Upon reaching the line that contains "Strips of wood, measured" in the records below, begin repeating every line exactly through the last one, skipping pictures.

*** Opening of Working data ***

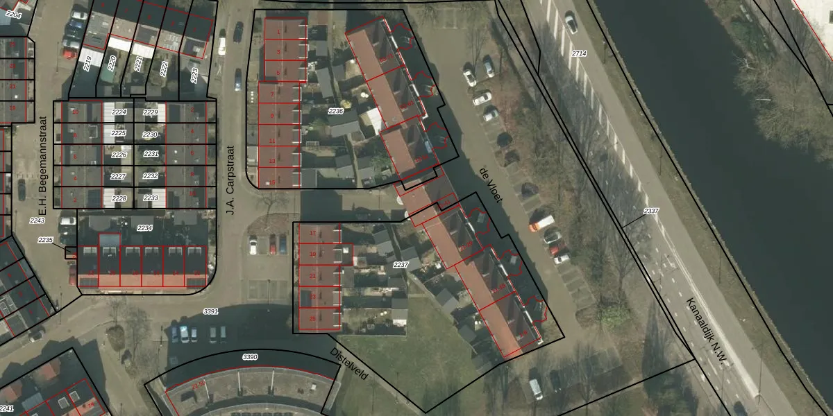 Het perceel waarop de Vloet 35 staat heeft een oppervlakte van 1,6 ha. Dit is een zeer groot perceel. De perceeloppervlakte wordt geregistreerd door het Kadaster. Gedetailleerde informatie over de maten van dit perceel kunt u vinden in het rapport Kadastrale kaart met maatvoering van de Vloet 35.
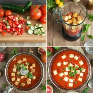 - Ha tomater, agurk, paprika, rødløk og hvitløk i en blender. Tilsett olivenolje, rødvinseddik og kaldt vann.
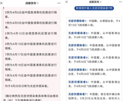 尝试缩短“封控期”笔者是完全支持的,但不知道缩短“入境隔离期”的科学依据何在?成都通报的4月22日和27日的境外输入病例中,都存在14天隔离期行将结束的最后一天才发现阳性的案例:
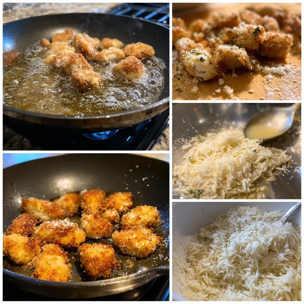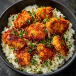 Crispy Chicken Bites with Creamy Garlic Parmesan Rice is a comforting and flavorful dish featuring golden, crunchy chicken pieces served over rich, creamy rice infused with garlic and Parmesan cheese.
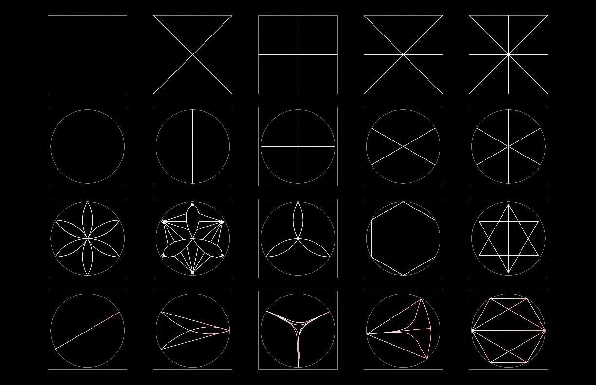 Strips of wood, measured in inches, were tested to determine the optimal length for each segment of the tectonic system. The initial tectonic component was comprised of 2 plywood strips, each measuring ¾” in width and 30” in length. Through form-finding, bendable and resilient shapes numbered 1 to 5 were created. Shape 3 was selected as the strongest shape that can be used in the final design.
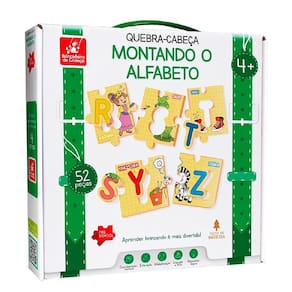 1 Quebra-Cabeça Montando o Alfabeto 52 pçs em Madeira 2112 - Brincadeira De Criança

*** Close of Working data ***

Response area:
 Strips of wood, measured in inches, were tested to determine the optimal length for each segment of the tectonic system. The initial tectonic component was comprised of 2 plywood strips, each measuring ¾” in width and 30” in length. Through form-finding, bendable and resilient shapes numbered 1 to 5 were created. Shape 3 was selected as the strongest shape that can be used in the final design.
 1 Quebra-Cabeça Montando o Alfabeto 52 pçs em Madeira 2112 - Brincadeira De Criança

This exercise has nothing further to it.